After the manipulation phase, the PPI/PPF posttest phase was initiated. This phase was identical to the first PPI/PPF phase.

After the first phase of the experiment the participants received and filled out a schema with for VAS for concentration level. The text read said: “Rate on the line below your level of concentration,” and the endpoint was labeled “Very concentrated” and “Very little concentrated.” The schema also included a space for indicating the number of tones they had heard.

After the second (manipulation) phase, the participants received and filled out the VAS test for concentration again. In addition, they were asked on another VAS to indicate the level of effect they thought the manipulation had: “Rate on the line below how much effect you thought listening to the CD had.” and the endpoints was labeled “Small effect” and “Large effect.”

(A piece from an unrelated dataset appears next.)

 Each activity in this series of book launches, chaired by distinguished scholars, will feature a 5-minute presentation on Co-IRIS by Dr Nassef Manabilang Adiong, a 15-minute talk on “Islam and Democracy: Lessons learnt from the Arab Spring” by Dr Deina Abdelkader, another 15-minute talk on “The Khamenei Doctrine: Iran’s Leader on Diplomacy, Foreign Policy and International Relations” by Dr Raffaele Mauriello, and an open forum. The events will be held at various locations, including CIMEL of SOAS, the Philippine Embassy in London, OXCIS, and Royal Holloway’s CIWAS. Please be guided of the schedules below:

After the third phase (PPI/PPF posttest) the participants received and filled out a schema with the VAS tests for concentration and manipulation effect, in addition to indicating number of prepulses heard.

Intervention and Control Condition

Participants in the mindfulness group listened to a 23-min mindfulness instruction, consisting of invitations to pay attention to the moment-to-moment experience of breathing, bodily sensations, thoughts, and emotions with a curious, non-judgmental, and non-striving attitude. The audio file was made by a MBSR-instructor trained by the Center for Mindfulness, Massachusetts. The control group listened to calm classical music. Both conditions were preceded by a PPI/PPF pretest and followed by a PPI/PPF posttest.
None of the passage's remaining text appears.